__ACTIVITY__: Using the entries that follow, transcribe only the lines from the line with "Eine Alte Frau" to the line with "萬平さんと福子が許しても、武士の娘は許しません。子分ども、やっちまえ。 へーい。 #まんぷく", both included, exactly as they stand and without pictures.

Dataset items:
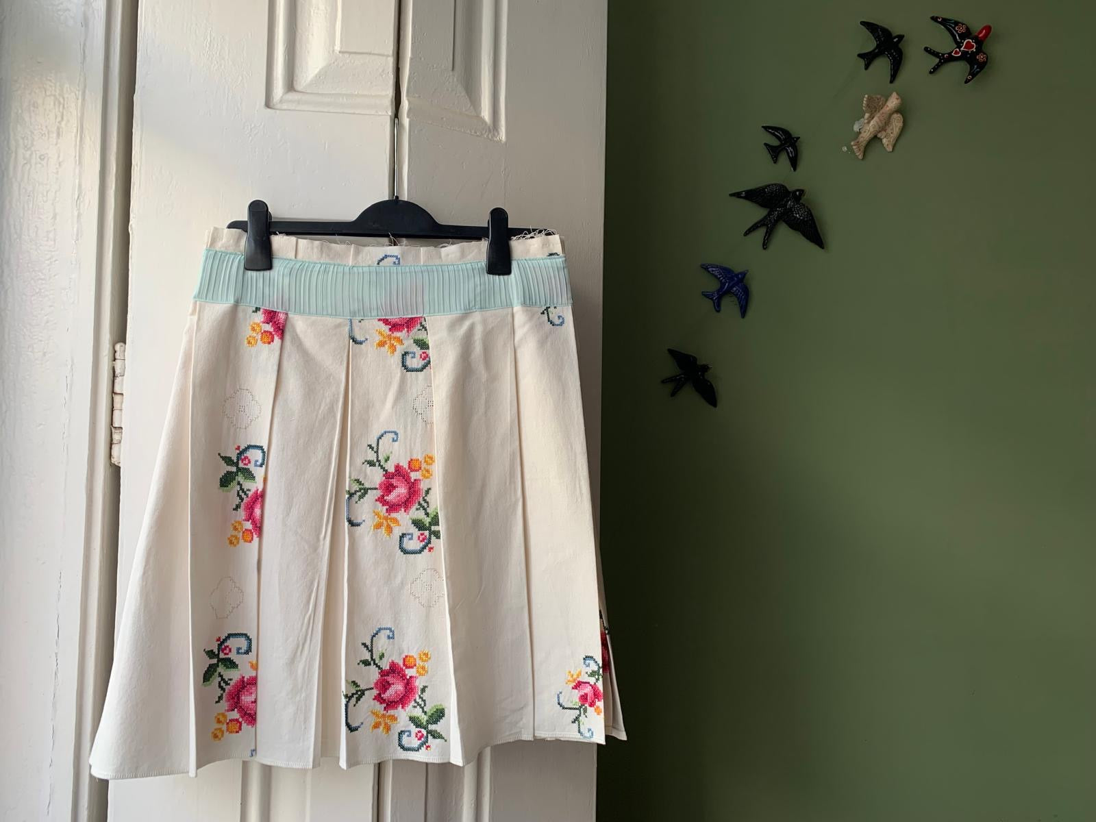 O corte de pregas adiciona movimento e fluidez, criando um efeito visual sofisticado e dinâmico, perfeito para qualquer ocasião. O toque vintage dos bordados contrasta harmoniosamente com a silhueta estruturada da saia, tornando-a uma peça única, intemporal e impossível de replicar.
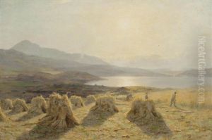 Eine Alte Frau Und Zwei Bauern In Einer Scheune Mit Einem Prachtigen Kuchenstillleben
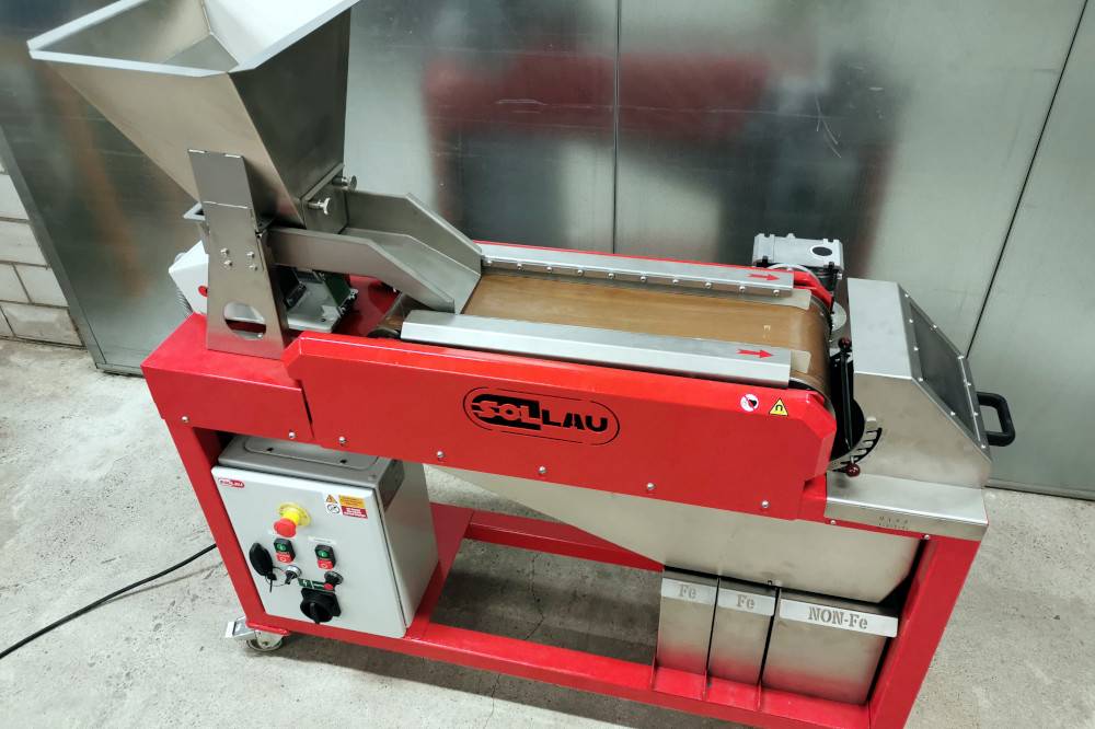 The rare earth roll separator LSV is determined for the most demanding customers, requiring the separation even of the finest ferromagnetic particles. In case of using extremely thin conveyor belts (e. g. from kevlar or glass-teflon), the maximum particles’ size coming into contact with this separator, should not exceed 5 mm. Bigger particles could namely damage the conveyor belts very fast (when processing bigger fractions of metal contaminants and/or the material itself, thicker conveyor belts can be used, however, their application will lead to the diminution of magnetic efficiency of this special separator).
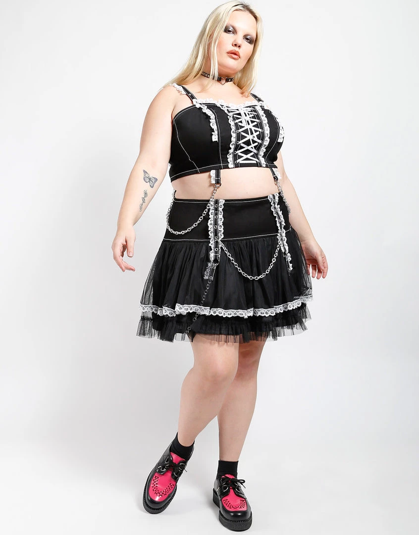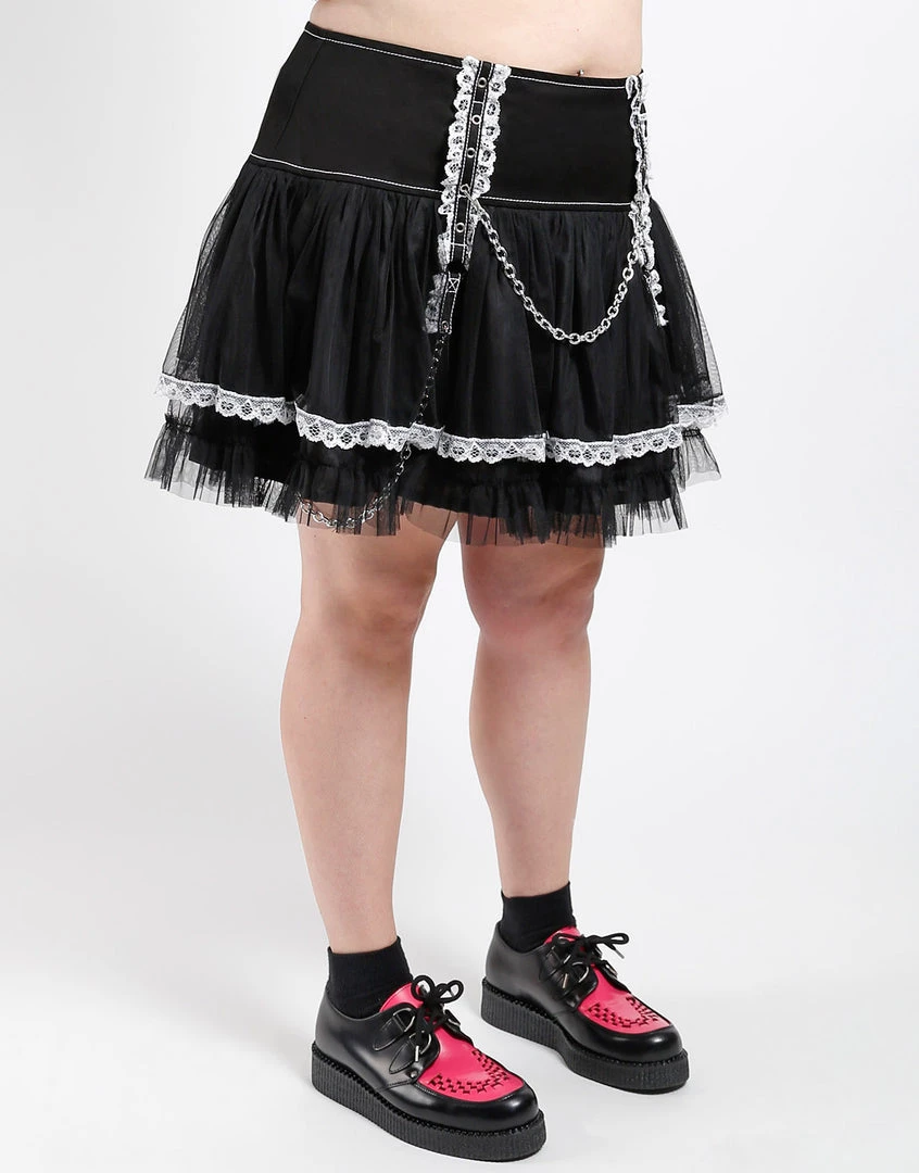 Curve Size Darkstreet Lolita: Chiffon Tutu Skirt in black/white
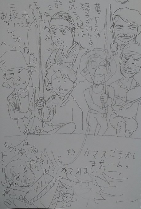 萬平さんと福子が許しても、武士の娘は許しません。子分ども、やっちまえ。 へーい。 #まんぷく #ぷく絵 #武士の娘 #塩軍団
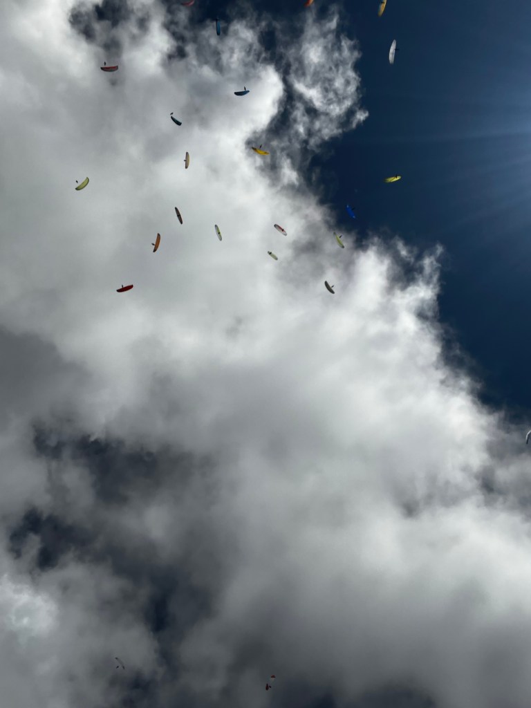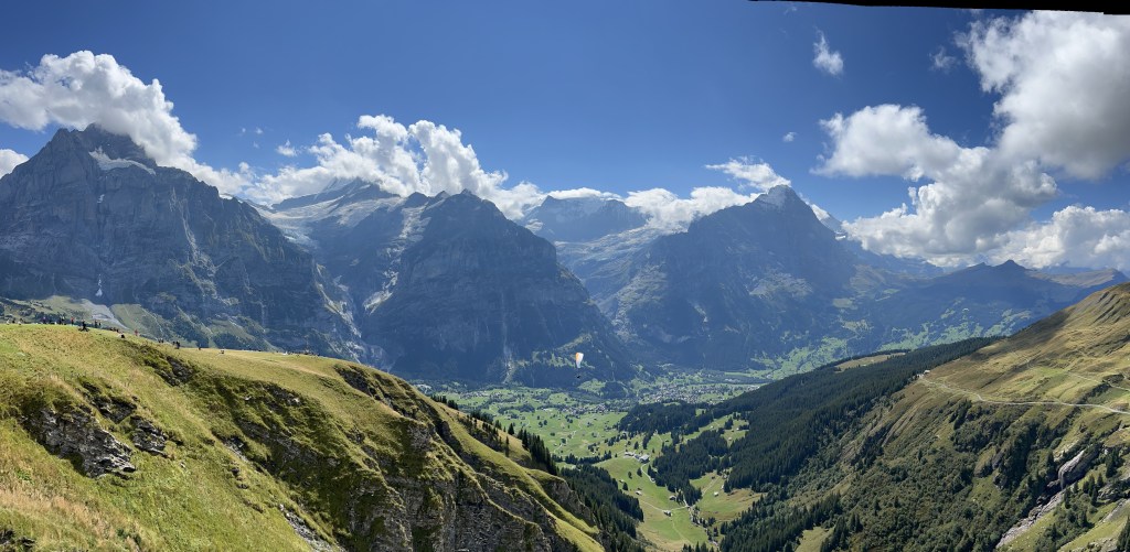 Off to the left of the platform is the outside dining area for the restaurant (we had lunch) and down below is where they’re launching paragliders. There are literally dozens of them and we think we spot the color of the chute of the guy who came up with us. After a while, it’s like an aerial ballet (video) with so many gracefully making turns and at times, coming directly over us, waving. At times, they are clustered together, but after some time they are spread out across the valley in front of us as well as in the mountains behind us. Compared to Lauterbrunnen, I have to think it’s safer (considering you’re jumping off the side of a mountain) to sail here as the cliff walls in that valley are much more steep.
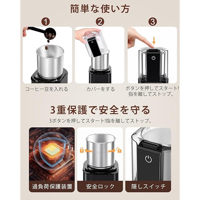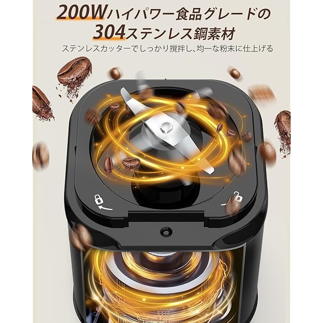 コーヒーミルは200wの強出力モーターを使用し、コーヒー豆を瞬間に粉砕し、貴重な時間を節約されることができます。 また、特殊刃の不均一研磨を低減、より細かく、均一に研磨頂けます。
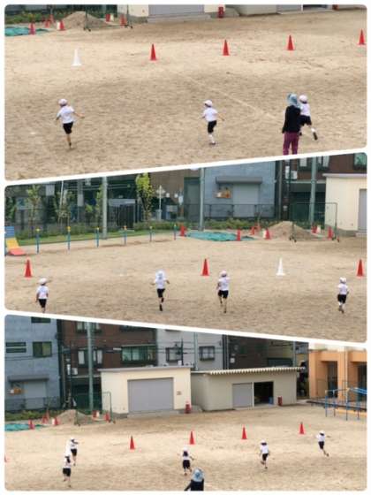 今日は運動場で、スキップや後ろ向きに走ったり、大股で走ったりと色々な走り方を学習しました。

__RESULT FOR THIS EXERCISE__:
 Eine Alte Frau Und Zwei Bauern In Einer Scheune Mit Einem Prachtigen Kuchenstillleben
 The rare earth roll separator LSV is determined for the most demanding customers, requiring the separation even of the finest ferromagnetic particles. In case of using extremely thin conveyor belts (e. g. from kevlar or glass-teflon), the maximum particles’ size coming into contact with this separator, should not exceed 5 mm. Bigger particles could namely damage the conveyor belts very fast (when processing bigger fractions of metal contaminants and/or the material itself, thicker conveyor belts can be used, however, their application will lead to the diminution of magnetic efficiency of this special separator).
 Curve Size Darkstreet Lolita: Chiffon Tutu Skirt in black/white
 萬平さんと福子が許しても、武士の娘は許しません。子分ども、やっちまえ。 へーい。 #まんぷく #ぷく絵 #武士の娘 #塩軍団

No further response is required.